Filtersystemen voor zwemvijvers
Het verschil tussen zwembad en zwemvijver zit hem in de filtering van het water. In een zwembad gebeurt de filtering door systemen die met chloor, zoutelektrolyse of waterperoxide werken. De zwemvijver filtert zijn water op een natuurlijke manier, door gebruikmaking van planten, minuscule diertjes en bacteriën. De meeste zwemvijvers en biologische zwembaden worden gefilterd met behulp van een moerasbed. Deze fi lterzone sluit aan vlak naast het zwemgedeelte of ligt er een eindje van verwijderd. De filterende moeraszone wordt meestal gevuld met lavasteentjes, met bovenop vaak een toplaag van clinoptoliet. Deze gesteentes bevatten holtes waarin bacteriën kunnen leven. Het nuttige oppervlak is daardoor groot.
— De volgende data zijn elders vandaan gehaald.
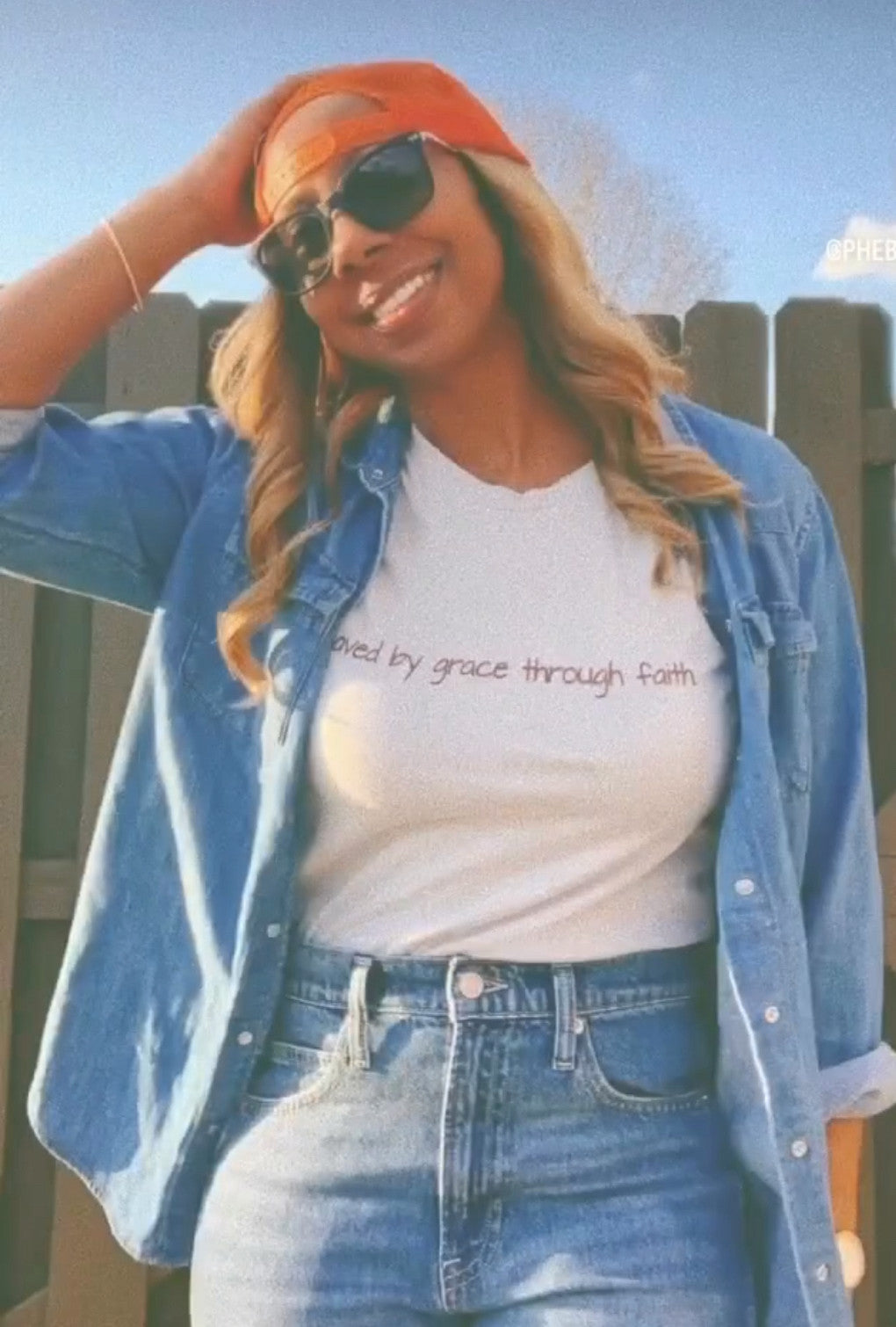 The "Saved By Grace Through Faith" t-shirt is scripture based, taken from Ephesians 2:8 to remind us of God's powerful saving grace. It opens the door to talk about God's grace, goodness, and love with others. This design is simple and clean - it's classic! It's super comfy and can easily become one of your favorite t-shirts. :)
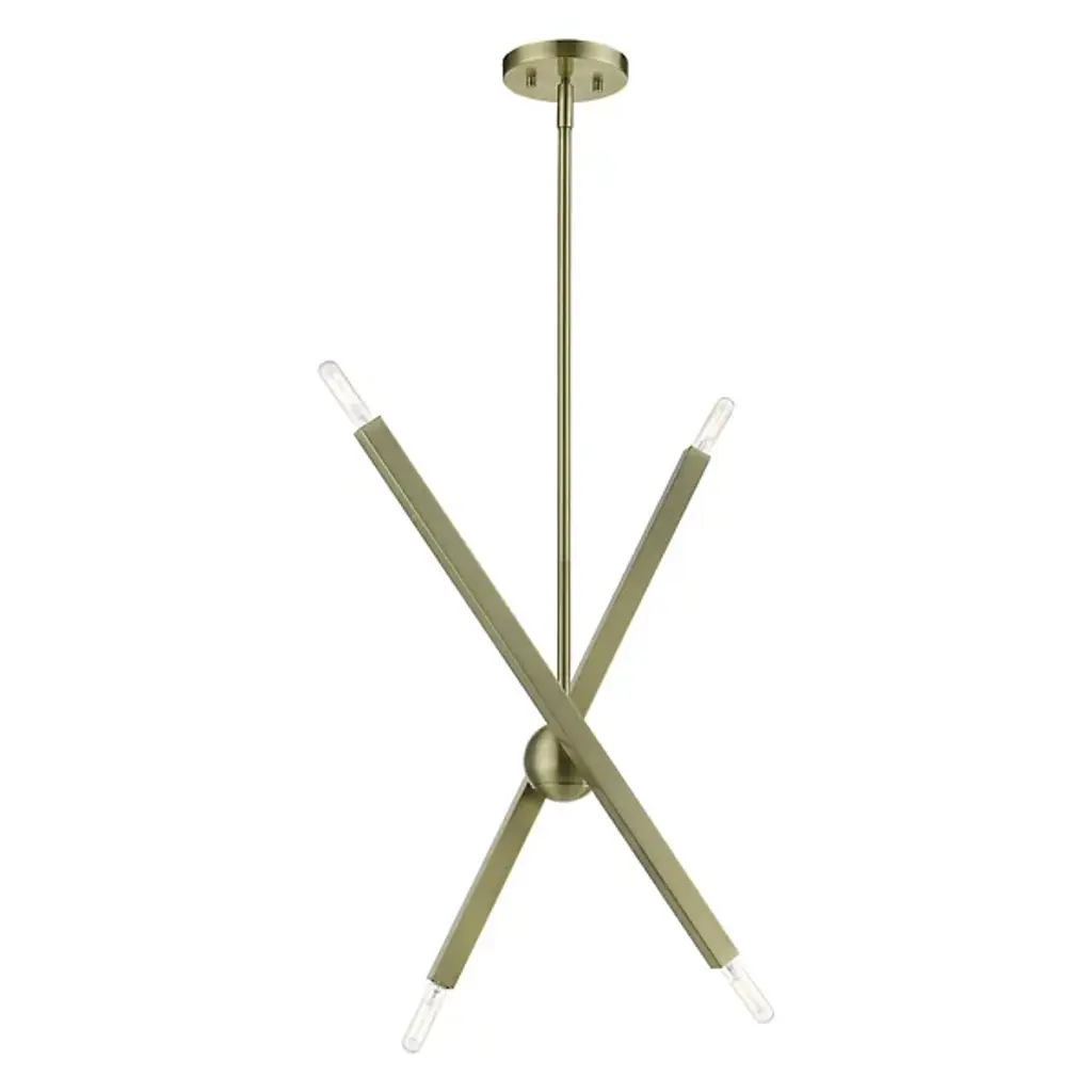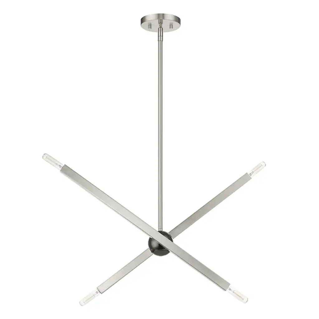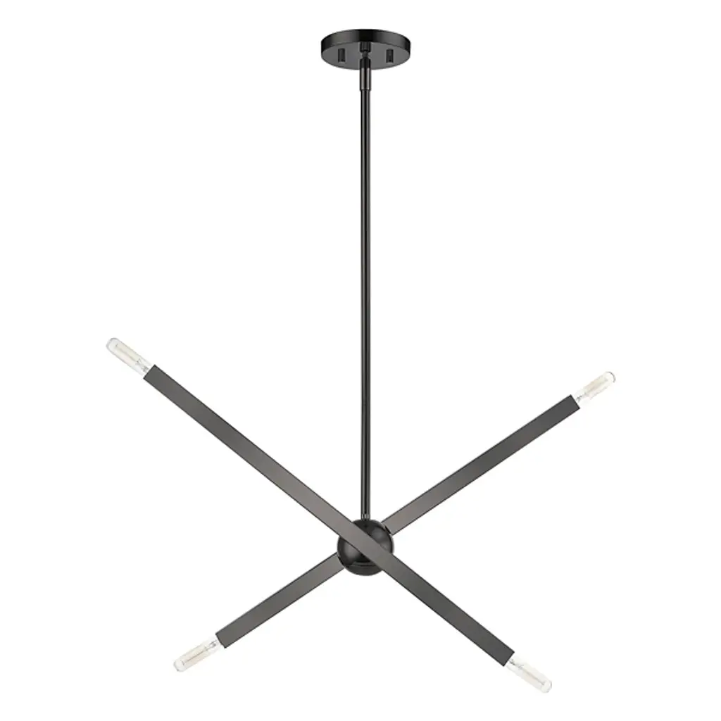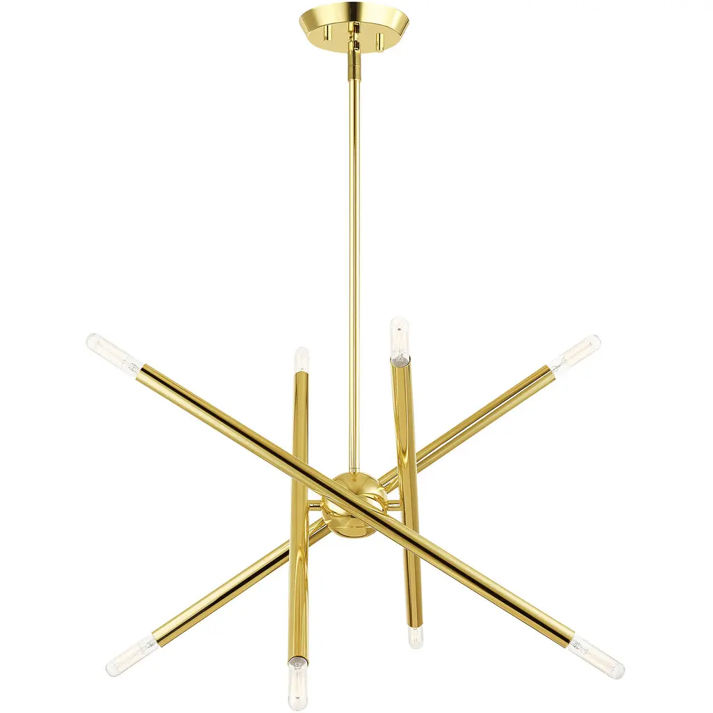 The eyes can’t stay still as they follow the graceful movement of the Grace Chandelier from Alder & Ore. Evoking the starburst, multi-directional design of the mid-century sputnik, this piece sets itself apart with a sculptural composition that appears to change at every glance. The chandelier’s globe body arouses one’s curiosity as it hides behind a dynamic array of lines. The linear arms appear erratic in movement yet come together to create a balanced, graceful silhouette. Each arm features dual, exposed bulbs for a truly multi-directional light. The topping candelabra bulbs create an inviting ambiance while producing an artful play of shadows.
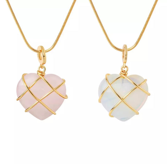 2022 Diy Wire Wrapping Natural Crystal Heart Handcrafted Necklace (Gold Plated)

Biologisch filteren betekent reinigen met behulp van bacteriën. Deze bacteriën gaan afvalstoffen omzetten in moleculen die door planten kunnen worden opgenomen. De verontreinigingen afkomstig van ingewaaide bladeren, stuifmeel, vergane organismen enzovoort bevatten onder andere fosfaatverbindingen en ammoniak. De giftige ammoniak wordt door de werking van in de filter groeiende bacteriën omgezet in minder giftig nitriet en vervolgens in het zo goed als niet giftige nitraat. Het gaat hier om aërobe chemische reacties die zuurstof nodig hebben, veel zuurstof. De uiteindelijke restproducten van de biologische afbraak zijn fosfaat en nitraat. Beide moleculen zijn belangrijke meststoffen voor planten.

Een goede doorstroming
Het water van de zwemvijver loopt door de moeraszone, van beneden naar boven of van boven naar beneden. In het eerste geval kan ervoor gezorgd worden dat het vuil onderaan bezinkt in een ‘kamer’ onder het moerasbed. Als er voorzien is dat dit vuil kan worden weggezogen via bijvoorbeeld een buis met daarin een pomp, dan is dit mooi meegenomen. Vaak laat men evenwel het water van boven naar beneden door het filterbed lopen. De vervuiling komt dan eerst terecht tussen de moerasplanten en de plantenwortels. Dit beschermt het kiezelbed of lavabed tegen verstoppen.

De moeraszone 
Belangrijk is dat de moeraszone niet te diep is om zuurstofgebrek onderaan te vermijden. Anderzijds moet de laag dik genoeg zijn om het water ook van fijne vuildeeltjes te kunnen ontdoen en om aan de bacteriën de tijd te geven hun werk te doen. Meestal kiest men voor een laagdikte tussen 1,5 en 0,8 m. Elke zwemvijverbezitter wenst immers zeer helder en gezond water en daarom voorzien zwemvijverbouwers vaak echt grote moeraszones die 20 % tot zelfs 25 % uitmaken van het volume van de zwemvijver.

Vijverpompen 
Er hoeft niet overdreven te worden met het waterdebiet dat door het filterbed stroomt. Dat heeft zoals eerder al vermeld te maken met het feit dat de micro- organismen de tijd moeten kunnen krijgen om hun werk te doen. Het totale watervolume loopt bij een zwemvijver ongeveer vier- tot vijfmaal per dag door de moeraszone. Dat is dus om de vijf à zes uur. De pomp moet daarop berekend zijn. Het is belangrijk te kiezen voor een betrouwbare pomp, geschikt voor zwemvijvertoepassingen. Let zeker op het energieverbruik, want de pomp moet dag en nacht draaien. De ervaring leert dat nat opgestelde vijverpompen langer meegaan dan droog opgestelde. Vaak plaatst men de pomp in een onderaan gesloten buis die dienstdoet als pompput. De drainageslangen van de filterzone worden er direct of indirect op aangesloten. Meestal gebruikt men naakte drainageslangen met een diameter van 80 mm. De beste zijn vervaardigd uit zwart polyethyleen en dragen het Kiwa keurmerk (Kiwa staat voor Keuringsinstituut voor Waterleidingartikelen). Tegenwoordig kiezen de meeste zwemvijveraanleggers liever voor twee wat kleinere vijverpompen in plaats van één grote. Dat heeft als voordeel dat wanneer er eentje stilvalt de andere nog blijft draaien. In de winter kan men het systeem op één pomp laten draaien en zo heel wat energie besparen. Men zorgt ervoor dat de pompen mooi horizontaal opgesteld staat, dat verlengt hun levensduur.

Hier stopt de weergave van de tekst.